Representative Claim

1. A method for creating a composite image, comprising:
displaying facial feature images on a first area of a first display via a first device associated with the first display, wherein the facial feature images are associated with facial feature element codes;
selecting a facial feature image from the first area of the first display via a user interface associated with the first device, wherein the first device incorporates the selected facial feature image into a composite image on a second area of the first display, wherein the composite image is associated with a composite facial image code having at least a facial feature element code; and
reproducing the composite image on a second display based on the composite facial image code.

Posture:

Appeal from the United States District Court for the Western District of Washington. The district court found the patent claims ineligible subject matter and, based on that finding, granted Nintendo’s motion for judgment on the pleadings.

Abstract Idea: Yes

We find that claim 1 is directed to the abstract idea of encoding and decoding image data. It claims a method whereby a user displays images on a first display, assigns image codes to the images through an interface using a mathematical formula, and then reproduces the image based on the codes. See J.A. 35 (col. 1 ll. 23–40). This method reflects standard encoding and decoding, an abstract concept long utilized to transmit information. Cf. Intellectual Ventures I LLC v. Capital One Fin. Corp., 850 F.3d 1332, 1340–41 (Fed. Cir. 2017) (organizing, displaying, and manipulating data encoded for human- and machine-readability is directed to an abstract concept). Morse code, ordering food at a fast food restaurant via a numbering system, and Paul Revere’s “one if by land, two if by sea” signaling system all exemplify encoding at one end and decoding at the other end. Even the ’303 patent describes “a common technique for synthesizing single images of faces involv[ing] horizontally dividing the image of a face into bands for different features,” such that “[p]aper strips containing exemplary features [can] then be combined to form a composite drawing of a face.” J.A. 27 (col. 1 ll. 37–43).

Something More: No

RecogniCorp argues that the claims of the ’303 patent contain an inventive concept sufficient to render them patent-eligible.

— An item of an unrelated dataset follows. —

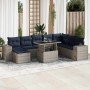 Juego Sofá Jardín 9 Piezas con Cojines Marrón Poli Ratán Acacia

Specifically, it contends that the combination of claim elements, i.e., the “particular encoding process using the specific algorithm disclosed” in the patent “transforms” the abstract idea into a patentable invention. RecogniCorp also points out the “facial feature element codes” and “pictorial entity symbols” disclosed in the ’303 patent claims. We find that these claim elements do not transform the nature of the ’303 patent claims into a patent-eligible application. McRO, 837 F.3d at 1312.